Análise sobre a morte tendo como ponto de partida a postura de Camila Trevisol, rainha de Rodeio, diante do evento.
A morte sempre nos desconcerta. Ainda que uma das poucas certezas da vida, continua sendo um tema evitado, silenciado, temido. Não por acaso: estudos, como o da Chapman University (EUA), mostram que o medo da morte está entre os mais comuns entre os seres humanos — mais do que o medo de desastres naturais, fracasso ou rejeição. Afinal, ela nos confronta com o desconhecido, com a perda e com o fim. Mas, de tempos em tempos, surge alguém que escolhe encarar esse momento inevitável com uma postura que nos cala e nos ensina.
Foi assim com Camila Trevisol, jovem de apenas 22 anos, eleita a Rainha da Festa do Peão de Americana, um dos maiores rodeios do país.
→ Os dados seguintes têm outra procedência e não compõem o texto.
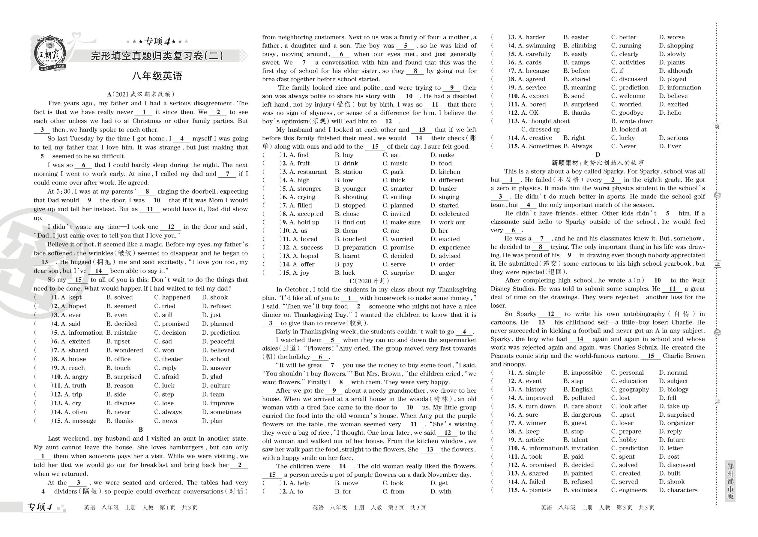 王朝霞期末专项卷——完形填空真题归类复习卷(二)八年级上册英语(人教版)【4】
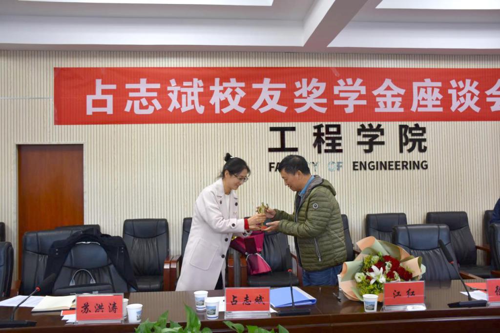 获奖学生代表苏雪雪同学表达了对学校、占志斌校友的感谢,向占志斌校友汇报了自2015年获奖四年以来个人成长的情况。她说“占志斌校友奖学金”不仅为她的生活提供了保障,更重要的是对她的刻苦学习表示了肯定,使她感到非常自豪,激励着她不断拼搏。获奖学生代表李成龙同学谈到“占志斌校友奖学金”体现了占志斌校友对青年学子的关怀关爱;获奖是一份荣誉,也是一种铭记,“占志斌校友奖学金”时刻提醒自己不忘前期的付出,自省自己今天的不足;自己也要像占志斌学长学习,将来回报社会和学校。

Com um sorriso marcante e uma presença que cativava multidões, Camila travou uma batalha pública e corajosa contra o câncer. Quando a doença venceu o corpo, não venceu o espírito. Ela partiu nesta quarta-feira, 23, deixando uma carta que é, ao mesmo tempo, testamento, despedida e lição de vida.
"Já cumpri meu papel aqui na terra... meu papel foi inspirar e influenciar vocês sobre a vida", escreveu Camila. Palavras que ecoam como uma missão cumprida, mesmo em sua brevidade. Em um tempo em que se valoriza tanto a aparência, o sucesso e a performance, ela escolheu valorizar o que é essencial: a presença, a gratidão, o amor.
A morte, em Camila, não encontrou alguém rendido. Encontrou alguém em paz. E isso nos lembra de uma verdade bíblica muitas vezes esquecida: a fé não nos livra da morte, mas nos prepara para enfrentá-la com dignidade e esperança. Em sua segunda carta a Timóteo, o apóstolo Paulo escreveu: “Combati o bom combate, terminei a corrida, guardei a fé” (2 Tm 4:7). Para ele, morrer era lucro (Fp 1:21), pois sua vida já havia sido entregue por completo ao propósito de Deus. Assim também viveram os "heróis da fé", listados em Hebreus 11, que mesmo sem verem o cumprimento de todas as promessas, morreram crendo, com coragem, com esperança no invisível.
Camila não citou versículos, mas viveu o evangelho na prática: a coragem em meio à dor, a generosidade ao se despedir, a serenidade ao reconhecer seus limites. Como escreveu o teólogo Dietrich Bonhoeffer, mártir do nazismo: “A morte é o último festival na jornada cristã.” Não porque ela seja doce, mas porque, para quem tem fé, ela não é o fim — é passagem, é encontro.
Outros nomes da história ecoam esse mesmo espírito. Joan of Arc, que foi queimada viva, afirmou pouco antes de sua morte: "Cada homem dá sua vida pelo que acredita. Às vezes as pessoas vivem por aquilo. Outras vezes, as pessoas morrem por isso." Martin Luther King Jr., na véspera de seu assassinato, declarou: “Eu estive no topo da montanha... e não me preocupo com nada. Eu não temo nenhum homem. Os meus olhos viram a glória da vinda do Senhor.”
Camila, à sua maneira, se une a esse grupo de almas que transformam a dor em testemunho, o fim em semente, o medo em mensagem. Sua carta permanece como um legado digital e espiritual, um lembrete de que a vida é curta demais para ser vivida no automático — e de que é possível partir com leveza, se o coração estiver cheio de amor e missão.
A teologia cristã não romantiza a morte, mas a ressignifica. Em Cristo, a morte perdeu seu aguilhão (1 Co 15:55). Não é mais o terror absoluto, mas a porta para a eternidade com Deus. Camila acreditava nisso. E viveu à altura dessa fé.